エリーを助けるために廃工場へ突入したのは良いけど、その時にちょっと調子に乗ってシャッターを自転車をウィリー乗りして打ち破ったので、自転車の前輪が凹んだりしていないかが唯一の不安である。
「はい、ここに」
「おぉ、よかったよかった・・・無事で何よりだ」
無事で良かった・・・
「・・・ちなみに、その自転車はおいくらするんですか・・・?」
「ん? 確か・・・36000円ぐらいだったかな」
「」
「どうした圭太郎・・・?」
「本当にすみませんでした許して下さい」
「お、おい! 土下座しようとすんな! 他のお客からの目が痛いから!!」
「おっ、デーブ。公衆トイレ以来かな」
「そうだね。・・・そういえば、あの女の子はどうだった?」
「ーーーあぁ、何ともなかったよ」
「一体何があったの?」
「その、あの子が迷子になっていたから、探すのに必死だったんだよ!」
「ーーー? ・・・ん、そっか。その様子だと無事に見つかったみたいだね。」
「あぁ、おかげさまでな。そういうデーブは食べ歩きツアー楽しめた?」
「そりゃあ勿論。結局あの後たこ焼きを2パック買ったよ」
「ハハ、デーブらしい・・・」
「けーちゃん、一緒にお昼、良い?」
口の中に食べ物が入っていたので、俺の机の向かい側辺りをポンポンと手で叩いた。やしもは俺の意図を汲み取ったようで、適当なところから椅子を拝借し、机を挟んで俺の向かい側に座った。
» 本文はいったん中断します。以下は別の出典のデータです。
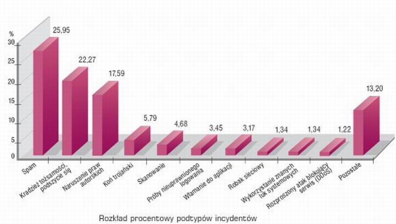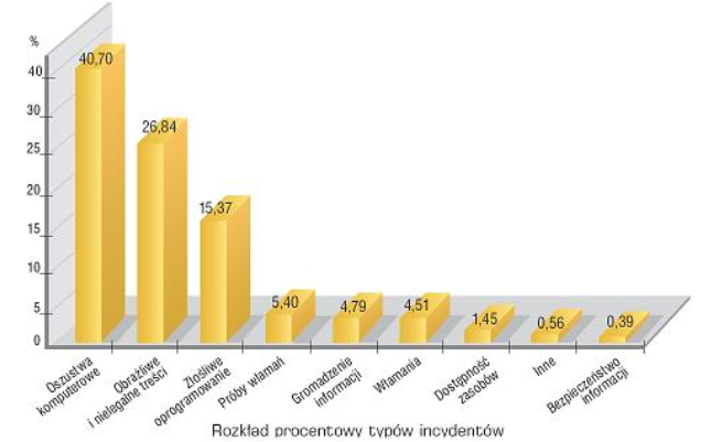 Najczęściej spotkane w Polsce formy ataków – dane statystyczne za rok 2008. Źródło: CERT

「この前の開校記念日、また何かやらかしたみたいだけど」
まぁ、デーブから聞くよねー・・・
「何ともなかったよ。これまで俺たちがやらかしたことに比べれば些細なモンだって」
「ーーー本当、けーちゃんは偶に無茶苦茶な事するからなぁ。まぁ、その件に関しては詮索はしないよ」
「助かる」
「そうそう、新しい僕のムーヴメントなんだけど」
何だよまたそれか、ヤンデレの次はなんだってんだ?
「ズバリ、『エルフ』」
「」ブフッ
「どうしたの? 卵焼きを吹き出すなんてけーちゃんらしくもない・・・」
「すまんやしも、お願だからその話は勘弁してくれ・・・」
「?」
「ただいま」
「お帰りなさい、圭太郎さん」
学校から帰ってきて家の玄関を開けると、これまでの生活ではなかなか聞くことが出来なかった言葉が聞こえてきた。
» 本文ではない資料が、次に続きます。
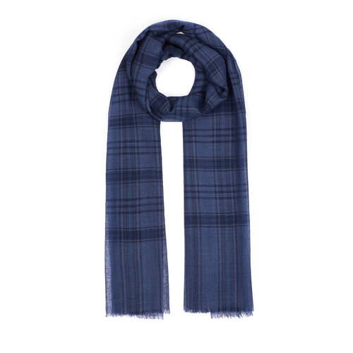 Lacivert Salt Ekose Desenli Yün İpek Şal

正直に言って『ただいま』という言葉も、その言葉の返事が返ってくることも、まだ慣れていない。けれど、『ただいま』の返事が返ってくるのなら、これからも言おうと思う。
「うん。わざわざ玄関までありがとう、エリー」
「いえいえ。どういたしまして」
エリーはそういってキッチンの方へ歩いていく。何か作っていたのかと思って覗いてみると、そこには香ばしい香りが漂うクッキーがあった。
「これは・・・エリーが作ったの?」
「前に圭太郎さんが買ってくれた料理の本に載っていたので、作ってみたくなったんです。出来立てですから一緒に食べましょう」
ここの会話だけ切り取ると夫婦の会話に聞こえるのは、きっと俺だけではない筈。アレ? 俺って・・・リア充・・・?(※違います)
「これ、初めて作ってみたんですけど、どうですか・・・?」
エリーに勧められて一口頬張る。
「・・・うん。美味しくできたね」
素直にそう思った。おったまげる程美味しかった訳ではないが、ごく自然に『美味しいクッキー』だと思った。
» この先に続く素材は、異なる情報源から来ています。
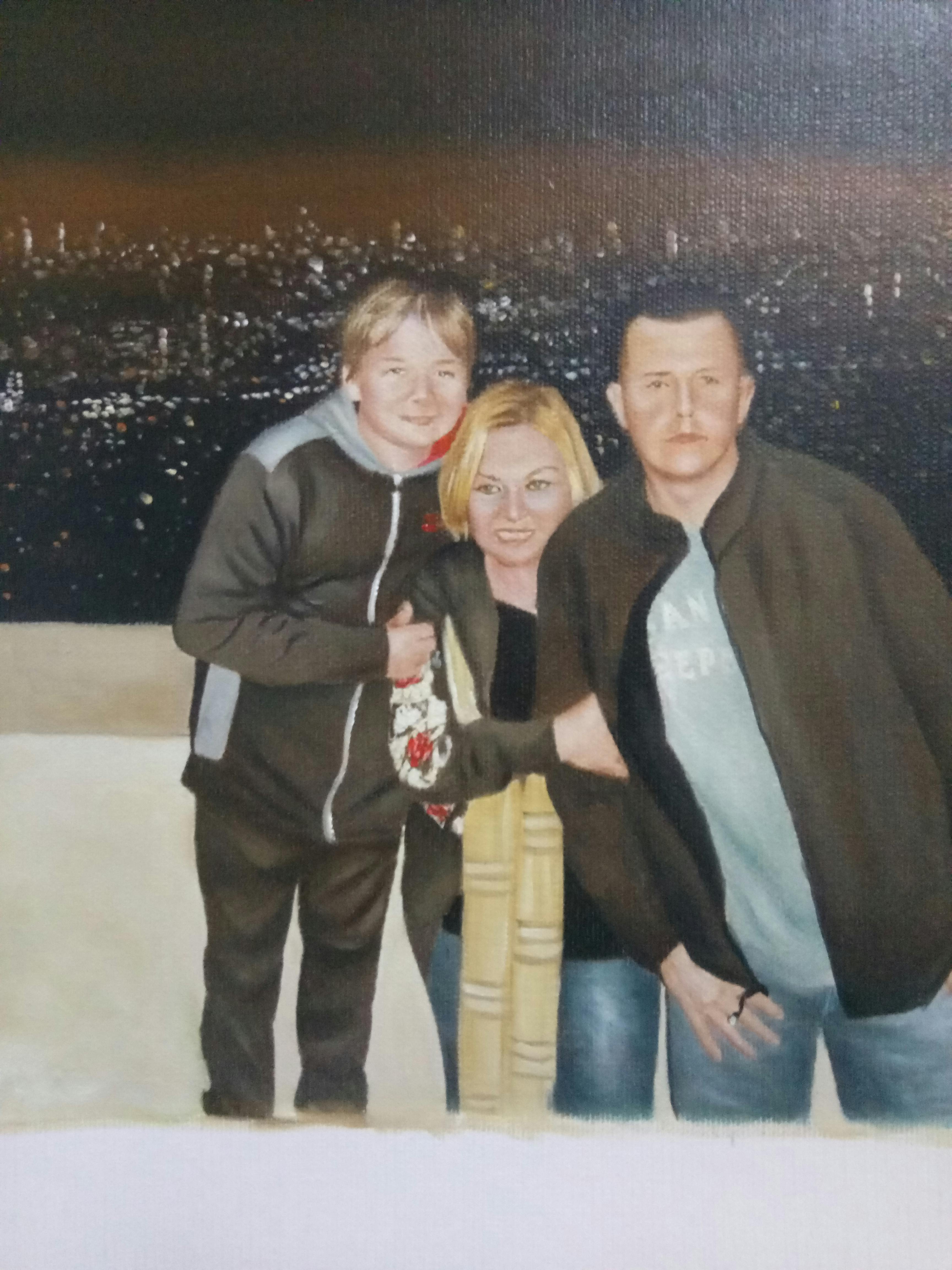 This is my 3rd painting this month and 4th overall. Thank you. Could you please try and leave out the building on the right and match it with the background of the lights from downtown Los Angeles? Please, please put a little smile on the man on the far right. Please make sure the beautiful mother in this photo has green eyes and even set eyes.Thank you and God bless you and your beautiful work. Happy Holidays to you and your family.661.310.4711

「ほ、ホントですか! (よし、これでまずは胃袋を掴んだ!)」グッ
「それにしても、あれから数日でかなりここの生活に慣れたよね、エリー」
「そう言われるとそうですね、自分でも驚くくらいです」
「なんというか、適応能力? みたいなのが強いんだろうね。それがエルフだからなのかは分からないけど」
「あぁ、それは少なからずあると思います。元々エルフは適応能力が高い生き物ですから」
「へぇ~、それは初耳だ」
「話は変わりますけど、この世界って熱中出来るものが多くて良いですよね。料理もそうですし、裁縫とか、絵とか、音楽とか。向こうの文化には無かった面白いものが沢山あって、毎日の生活にワクワクしてます」
そう言って笑う彼女の顔はとてもキレイだった。神社で初めて会ったときの、こちらを見る恐怖と絶望に溢れた瞳とはまるで違う。生きる活力を見つけ、残され託された人生を全うする覚悟が出来た顔だと思った。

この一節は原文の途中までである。